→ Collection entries
-------
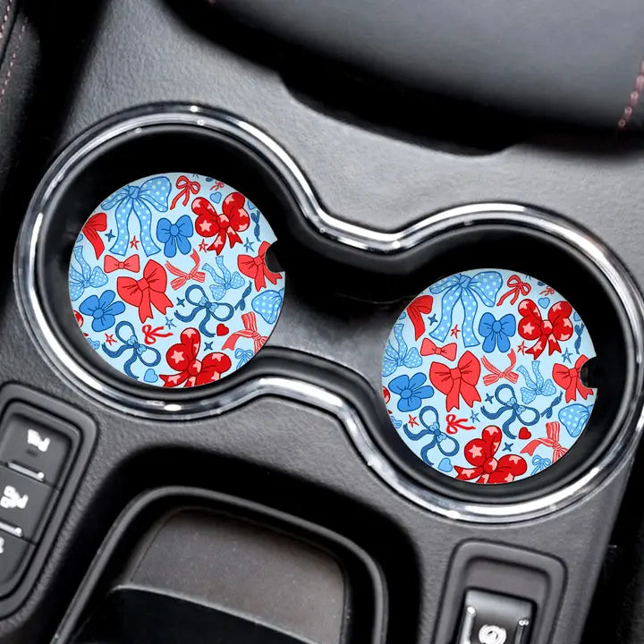 Patriotic Bow Car Coaster Set #SPACK-CC132-RWBBOW-2
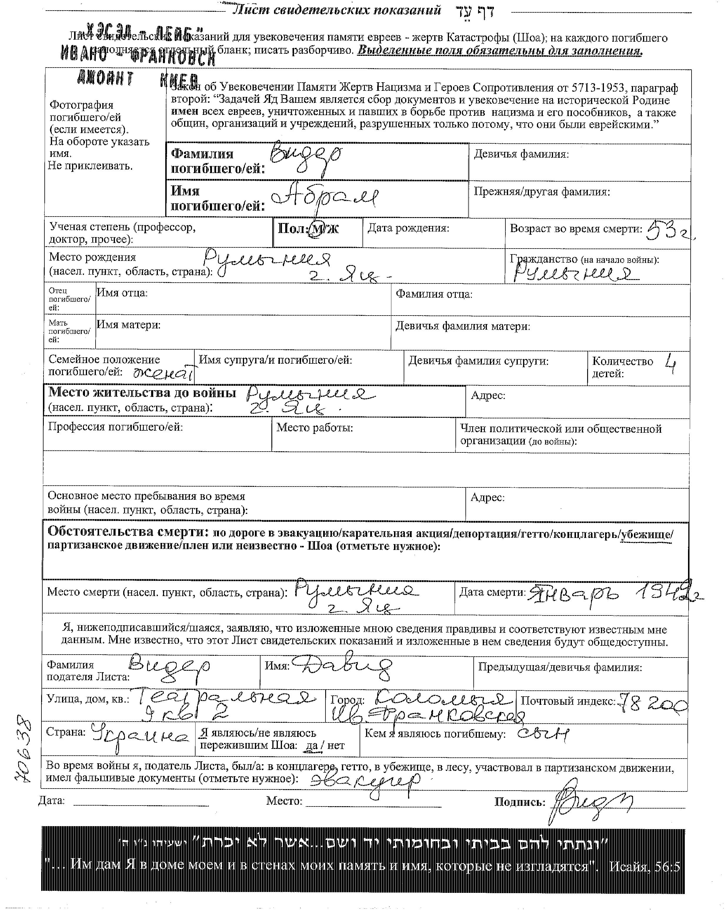 אברם נרצח בשואה. מקום המוות: Iasi שברומניה בשנת 01/1942.
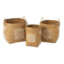 Informations Techniques : Dimensions : Taille 1 : L. 30 x l. 30 x H. 35 cm Taille 2 : L. 40 x l. 40 x H. 38 cm Taille 3 : L. 50 x l. 50 x H. 40 cm Matière : 100% Bambou Spécificités : Pratique & Tendance Lot de 3 paniers déco Avec anses Motif abstrait Style oriental Poids : 1,91 kg Couleur : Nature
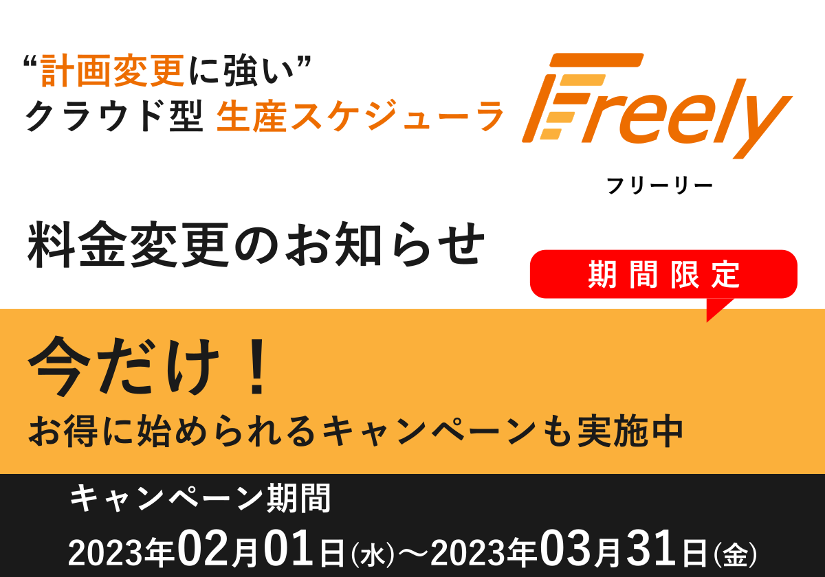 生産スケジューラFreelyの利用料金を 2024年04月01日より、下記の内容に変更する予定です。これに伴い、2023年03月31日までに有償版をご契約いただいた方に限り、改定前の料金体系でご利用いただけるキャンペーンを実施いたします。
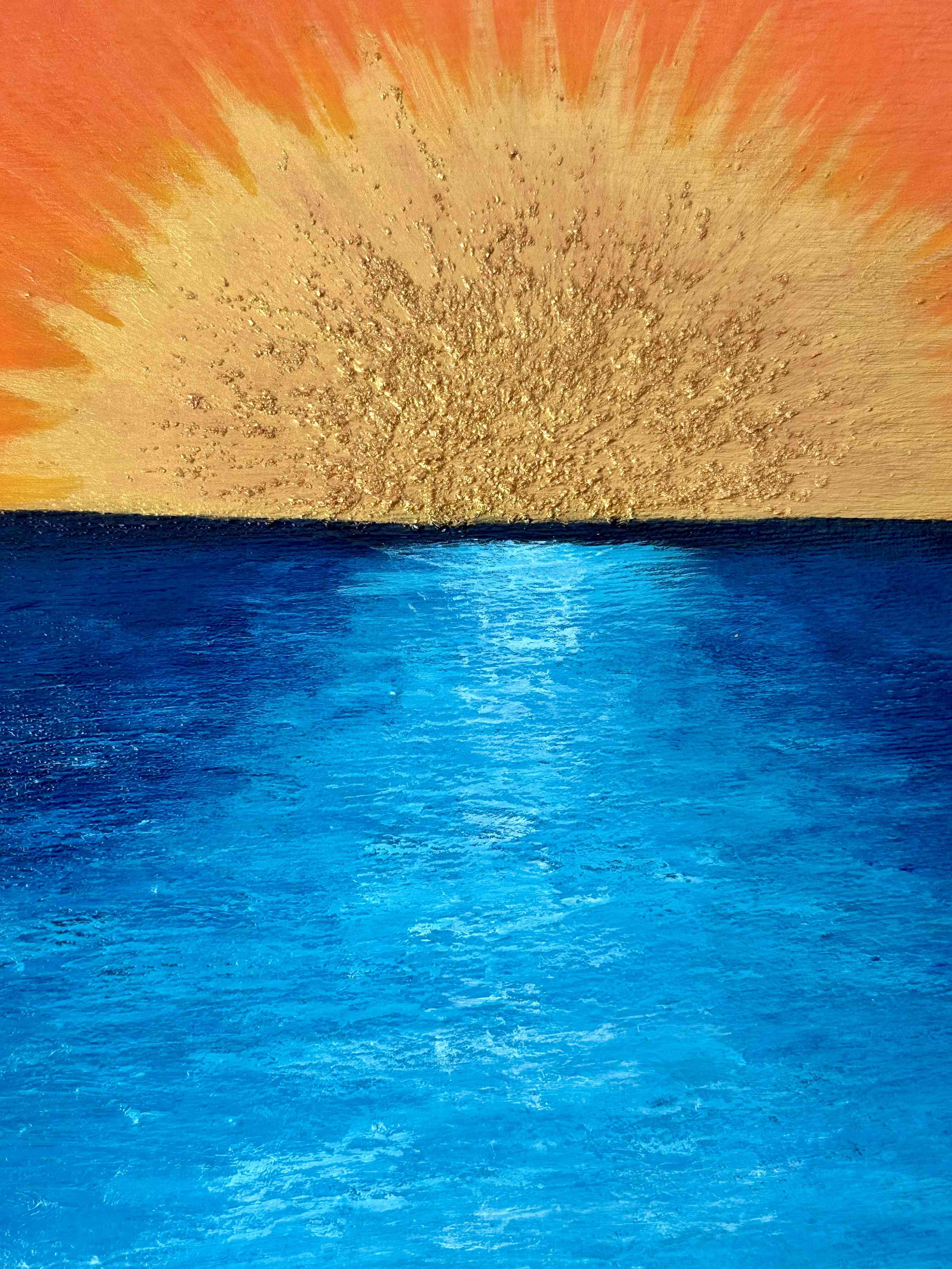 Tableau avec un magnifique coucher de soleil or.
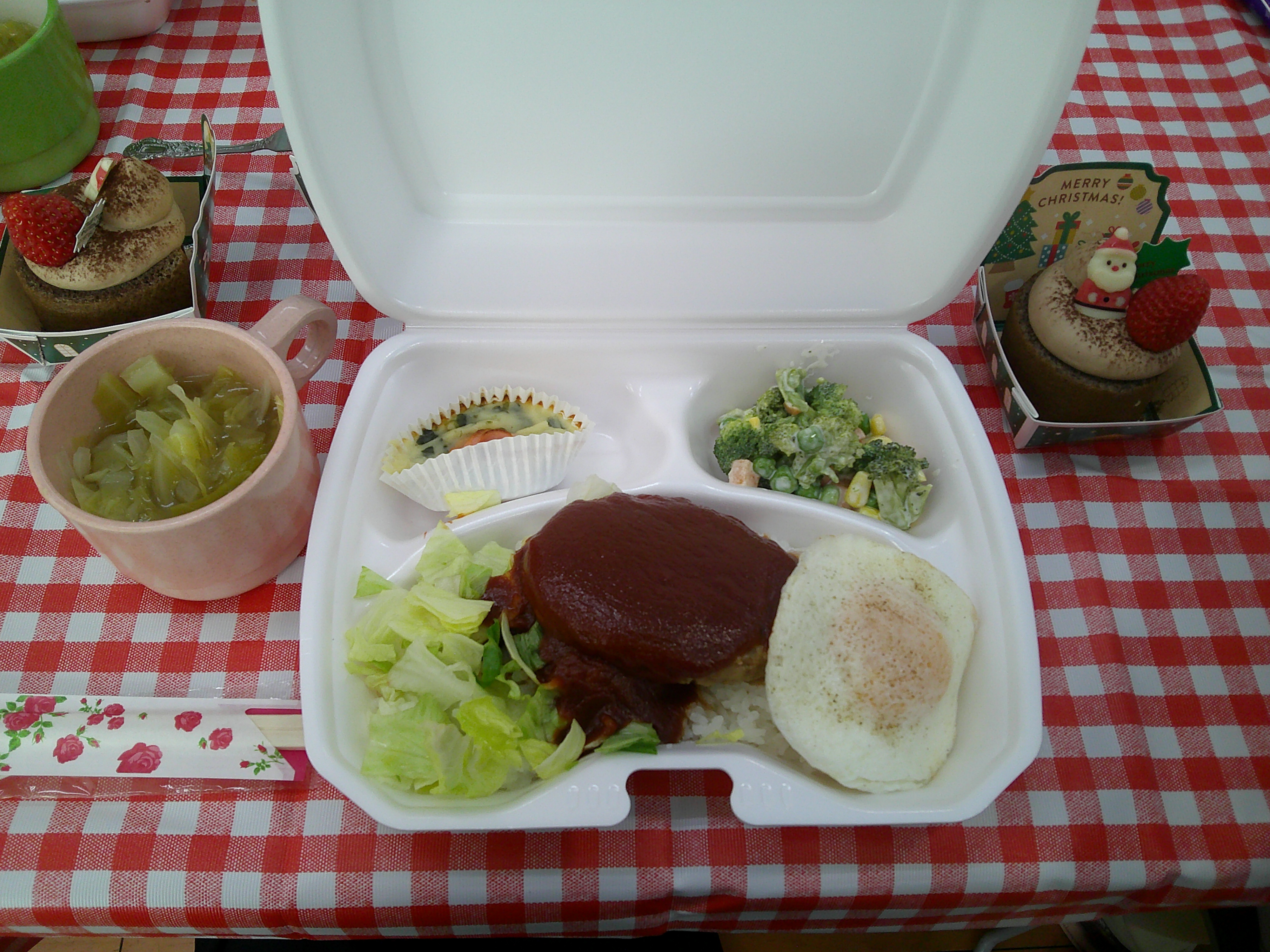 メニューはロコモコ丼・グラタン・ブロッコリーサラダ・スープ・チョコレートケーキ🍰
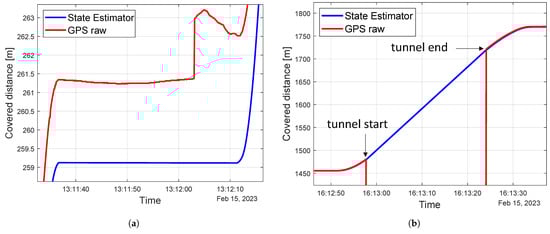 The first two items are analyzed in Testing Area 1 (i.e., Figure 4a) which covers the regular service path of the vehicle. Figure 8a depicts the trend of the covered distance (i.e., the curvilinear coordinate along the path) in correspondence to a stop. As can be seen, on the one hand, the GPS trend is floating; on the other hand, the state estimator is able to provide a constant s value thanks to the increase in the . This allows having a constant value for the curvilinear coordinate when the vehicle is stopped, which is fundamental for the TLA application as the change in the distance of the traffic light ahead affects the TLA speed calculation. The plot reported in Figure 8b shows the state estimator trend during a prolonged GPS outage because of a 200 m long tunnel. The distance between the state estimator value and the GPS coordinate as soon as it becomes available is equal to 1.86 m. Although this value is relatively high, the GPS benchmark after a long outage has to be considered as not reliable, as it requires some time (i.e., 20–30 m) to obtain acceptable GPS accuracy.
-------
→ Required work
All pictures are to be skipped. Output, word for word, the lines in the data above starting at the line containing "אברם נרצח בשואה." and ending at the line containing "生産スケジューラFreely".

→ Reply
 אברם נרצח בשואה. מקום המוות: Iasi שברומניה בשנת 01/1942.
 Informations Techniques : Dimensions : Taille 1 : L. 30 x l. 30 x H. 35 cm Taille 2 : L. 40 x l. 40 x H. 38 cm Taille 3 : L. 50 x l. 50 x H. 40 cm Matière : 100% Bambou Spécificités : Pratique & Tendance Lot de 3 paniers déco Avec anses Motif abstrait Style oriental Poids : 1,91 kg Couleur : Nature
 生産スケジューラFreelyの利用料金を 2024年04月01日より、下記の内容に変更する予定です。これに伴い、2023年03月31日までに有償版をご契約いただいた方に限り、改定前の料金体系でご利用いただけるキャンペーンを実施いたします。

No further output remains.